Okay.  Well, I’ve always grown up around senior citizens.  The church that my parents took me to when I was younger, senior citizens.  Friends of my parents, senior citizens, a bit younger at the time.  And when you’re a kid and hang around with senior citizens, eventually you start losing people you grew up with and you realize your own parents are that age, you don’t want to be far away because you know something can happen.  And you might lose them. 

FM: But you also described that you dad had a serious health episode when you were quite young.

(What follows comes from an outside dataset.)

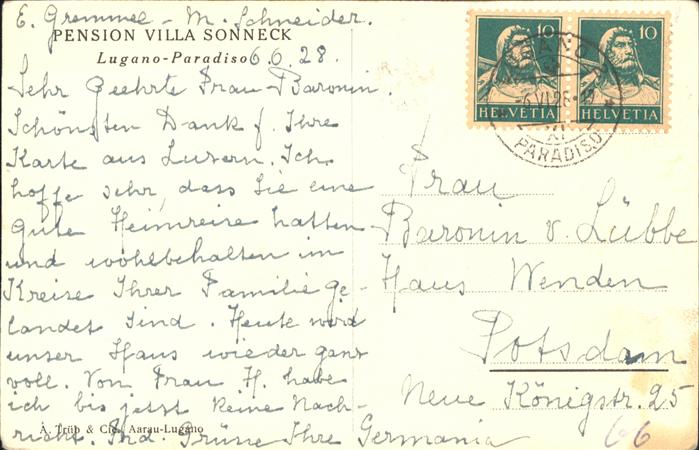 11383989 alte Postkarte Paradiso TI Pension Villa Sonneck postalisch gelaufen gute Erhaltung KatCode: 11470210660200
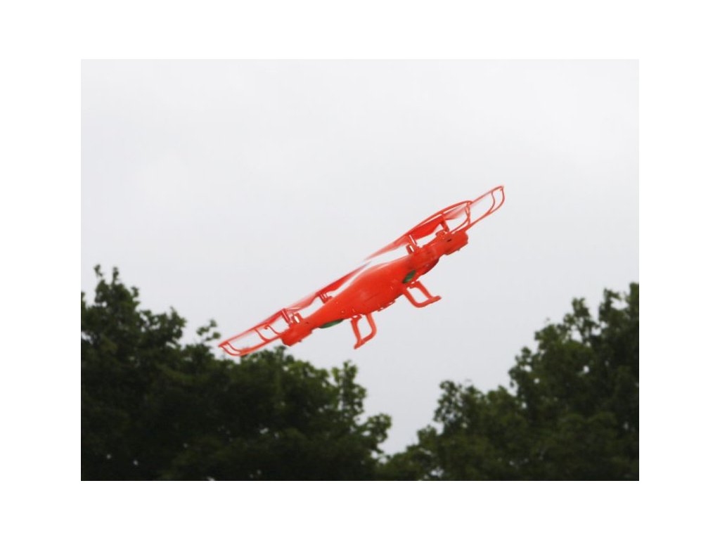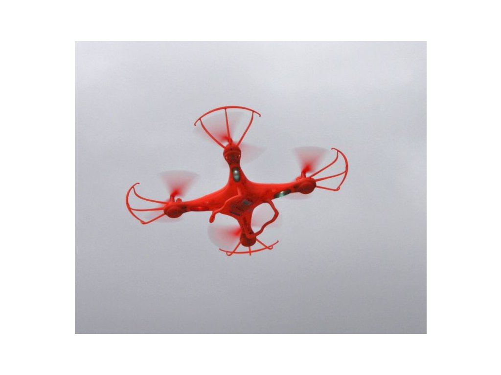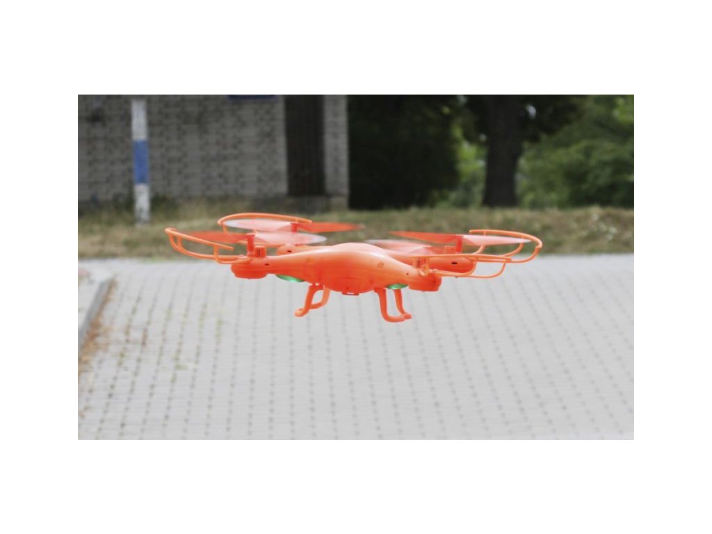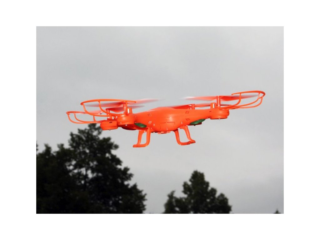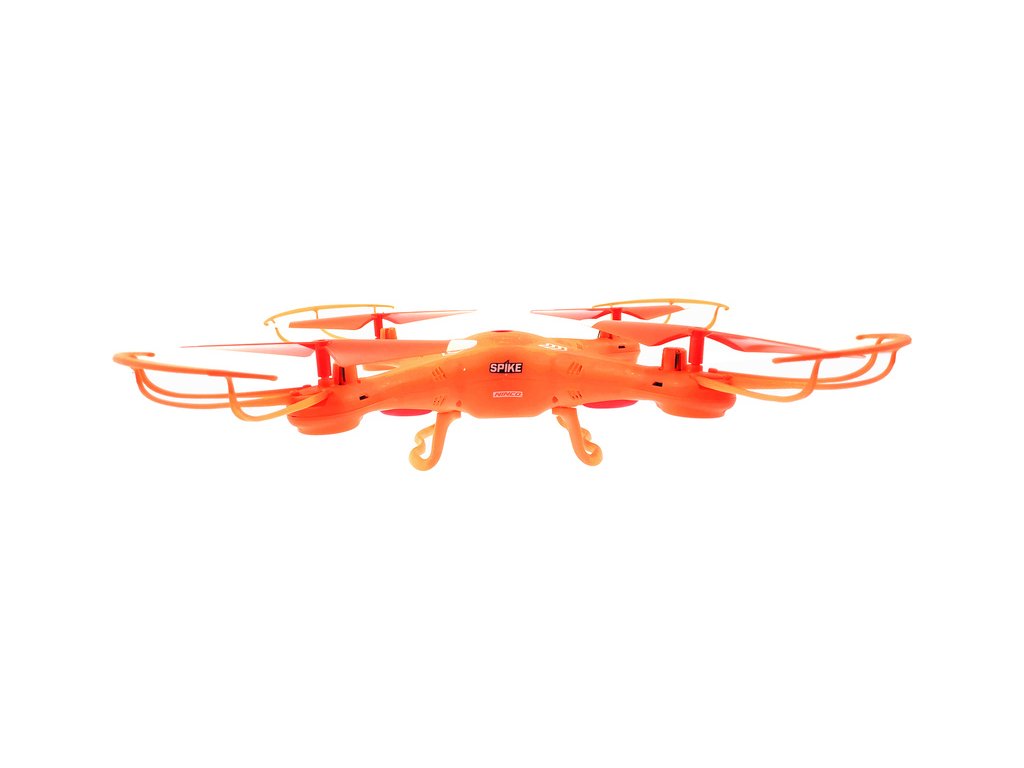 Dron střední velikost Quadrone Spike nabízí skvělou zábavu jak pro začínající piloty tak pro pokročilé. Rozměry 320x320x70mm mm vám dovolí brát jej všude sebou. Je vhodný do vnitřních prostor nebo za bezvětří a mírného větru i do přírody nebo na dětské hřiště. Trup dronu je oranžový, což zajišťuje výbornou viditelnost. Ochranné kryty vrtulí zabrání nehodám a ochrání vaše děti.

Yeah, he’s been a heart patient for several years, had double-bypass, angioplasty, basically everything you can have but a pace-maker or heart implant, those are the only thing he’s missing on the Bingo card.  So, yeah, that probably also had an effect.  And mom was a severe diabetic as well.  So it didn’t help that I had parents with serious health issues.  So that had a big impact with not wanting to be far from home.  When I was a kid, we’d go down to the city on a regular basis, and as far as I was concerned, there was no city that could compare to this county.  Period.

FM: Okay, which is a bit ironic, now, in that you do long-distance trucking…

Yeah, not exactly what I was expecting myself to be in general, and admittedly, this was another of my impulse choices.  Because as I said earlier, that company had a seminar at a local hotel, but admittedly, the only reason I seriously considered it was I’d watch Smokey and the Bandit the night before.  Seems like some of my life choices seem to be based on impulse movies.  But even doing the long haul trucking, I have been to 47 states and 8 provinces and as far as I’m concerned, there’s no place I’d rather be than this county. 

FM: And this kind of work makes that possible?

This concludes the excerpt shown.